Comparison to California's Medical Marijuana Law
The Arizona law is by no means the same since the law in California. There are certainly some differences between the two, though in most respects they may be comparable. This is a comparative analysis in the two laws.
Similarities:
* Both laws, as a practical matter, permit broad discretion on the part of a physician to prescribe marijuana to patients that are suffering from pain. In the Arizona law, ""severe and chronic pain"" will be the legislated standard. In the California law, any ""chronic or persistent medical symptom"" that substantially limits the life span in the patient to conduct several major life activities as defined from the Americans with Disabilities Act of 1990, or that when not alleviated, will cause serious harm on the patient's physical or mental safety, qualifies.
* Both laws have numerous illnesses that are automatically considered qualifying illnesses for that prescription of medicinal marijuana. These include, but usually are not limited by, AIDS, cachexia, cancer, glaucoma, persistent muscle spasms, seizures, and severe nausea.
* Both laws require the use of an identification card by those that have been prescribed medical marijuana, following the cardholders have undergone a primary application process where the use from the drug continues to be recommended by way of a physician.

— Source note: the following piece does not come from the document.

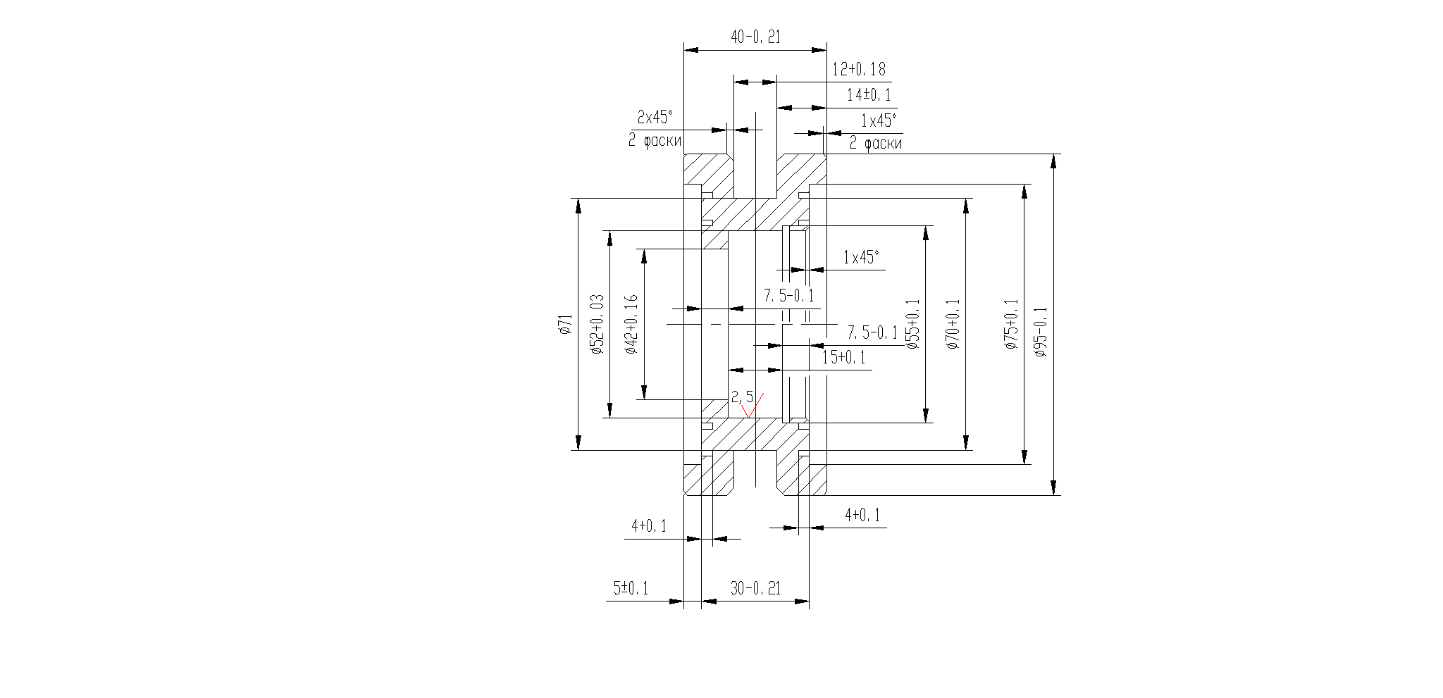 выточки в торцах ролика 75+0,1 глубиной 4+0,1 мм, Rz20;

* Both states tend not to factor in the unusable portion with the marijuana plant in determining the utmost weight of marijuana that is certainly permissible for possession with a cardholder.
Differences:
* Though the rules never have been finalized, the Arizona law appears as though it's going to be regulated about the state level and therefore uniform across Arizona. The California law, however, is regulated significantly on the municipal level, and thus the rules around dispensaries can differ greatly in one municipality on the next.
* The Arizona law supplies a broader spectrum of people who are considered a ""physician"" for your purpose of prescribing medical cannabis. In California, only medical doctors and osteopaths are believed to be physicians. In Arizona, along with medical professionals and osteopaths, naturopaths and homeopaths can also be permitted to prescribe medical cannabis.
* In California, patients or their caregivers may grow marijuana plants instead of utilizing a medical marijuana dispensary. In Arizona, patients may only grow marijuana or designate another person to do so in place of going to a dispensary about the condition that there are no dispensary operating within 25 miles of the patient's home.
* The maximum possession limit for marijuana in California is eight ounces per patient, whereas the limit is 2.5 ounces per patient in Arizona.